What is expected:
Using the records below, quote only the span that opens with the line containing "Выполнен комод Мамбо" and closes with the line containing "(قال) علي -رضي", exactly and inclusively.

Provided data:
|---|

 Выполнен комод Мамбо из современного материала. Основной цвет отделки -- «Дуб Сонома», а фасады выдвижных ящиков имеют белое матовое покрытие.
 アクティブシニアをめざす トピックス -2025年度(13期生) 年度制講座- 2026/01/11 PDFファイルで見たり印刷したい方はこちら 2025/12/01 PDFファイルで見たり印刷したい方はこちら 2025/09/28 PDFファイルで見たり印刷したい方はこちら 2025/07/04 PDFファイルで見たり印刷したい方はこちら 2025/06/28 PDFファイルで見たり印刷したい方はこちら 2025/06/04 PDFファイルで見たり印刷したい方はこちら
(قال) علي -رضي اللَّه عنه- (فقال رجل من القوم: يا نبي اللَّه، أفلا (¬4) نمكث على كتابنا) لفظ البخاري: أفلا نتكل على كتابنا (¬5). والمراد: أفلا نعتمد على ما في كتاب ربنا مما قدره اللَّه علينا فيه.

|---|

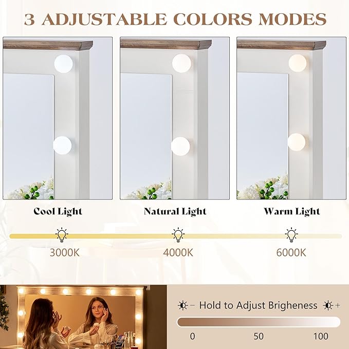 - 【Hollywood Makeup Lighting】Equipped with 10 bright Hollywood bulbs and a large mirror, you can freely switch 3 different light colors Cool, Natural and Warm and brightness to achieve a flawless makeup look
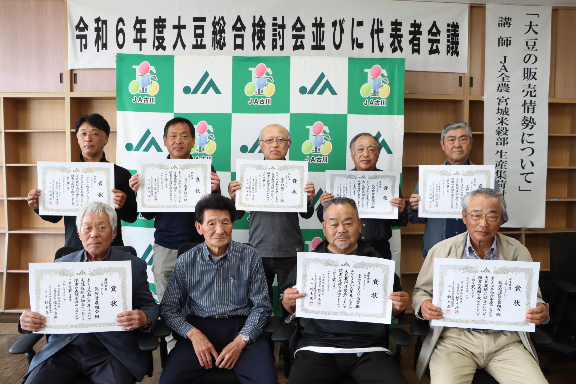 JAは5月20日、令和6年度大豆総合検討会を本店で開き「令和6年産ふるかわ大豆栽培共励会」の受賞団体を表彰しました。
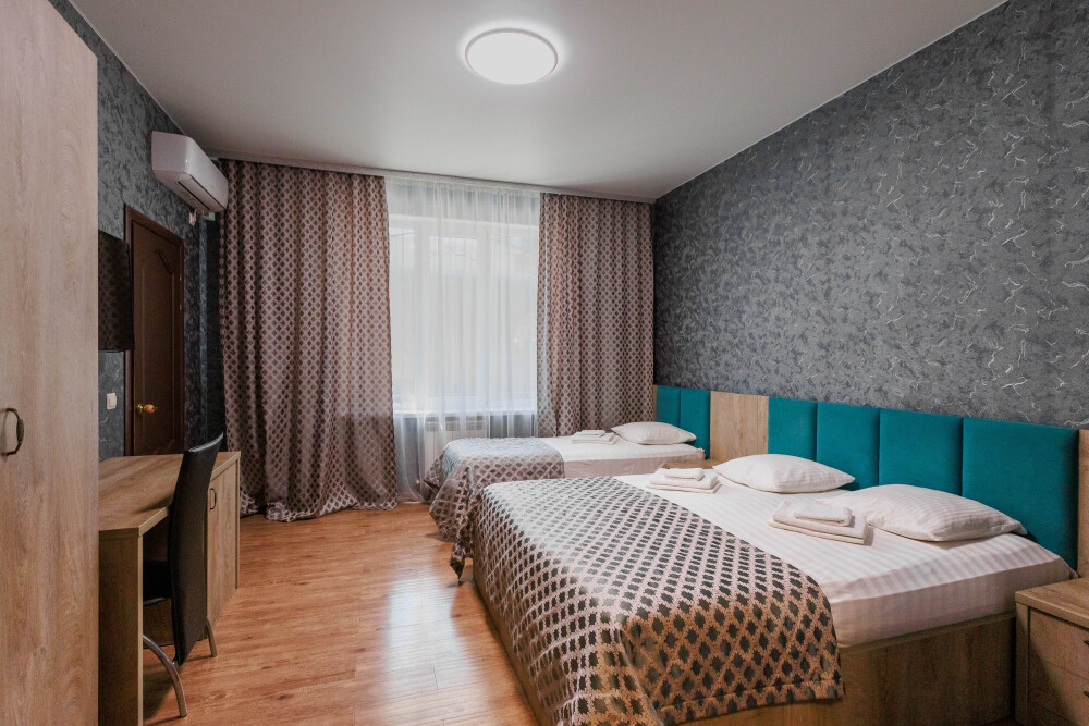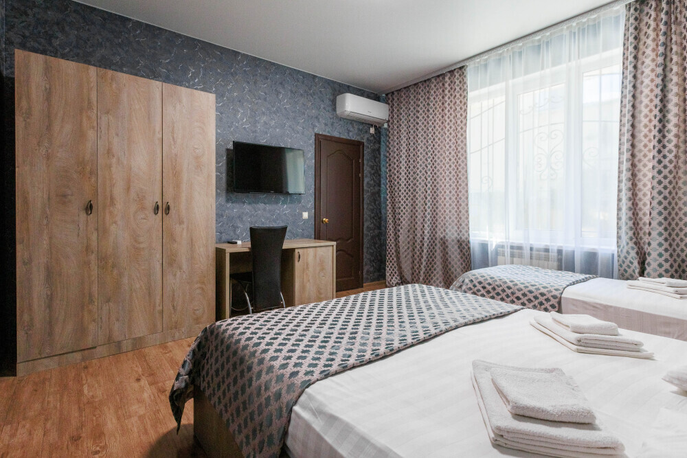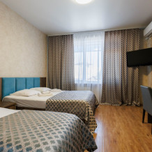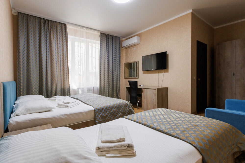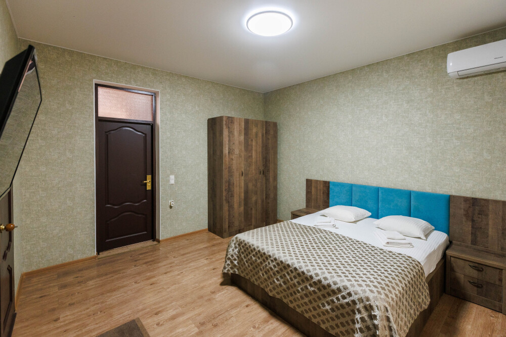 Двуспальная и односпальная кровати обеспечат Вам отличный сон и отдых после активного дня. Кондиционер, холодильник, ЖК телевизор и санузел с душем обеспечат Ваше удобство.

|---|

Solved problem:
 Выполнен комод Мамбо из современного материала. Основной цвет отделки -- «Дуб Сонома», а фасады выдвижных ящиков имеют белое матовое покрытие.
 アクティブシニアをめざす トピックス -2025年度(13期生) 年度制講座- 2026/01/11 PDFファイルで見たり印刷したい方はこちら 2025/12/01 PDFファイルで見たり印刷したい方はこちら 2025/09/28 PDFファイルで見たり印刷したい方はこちら 2025/07/04 PDFファイルで見たり印刷したい方はこちら 2025/06/28 PDFファイルで見たり印刷したい方はこちら 2025/06/04 PDFファイルで見たり印刷したい方はこちら
(قال) علي -رضي اللَّه عنه- (فقال رجل من القوم: يا نبي اللَّه، أفلا (¬4) نمكث على كتابنا) لفظ البخاري: أفلا نتكل على كتابنا (¬5). والمراد: أفلا نعتمد على ما في كتاب ربنا مما قدره اللَّه علينا فيه.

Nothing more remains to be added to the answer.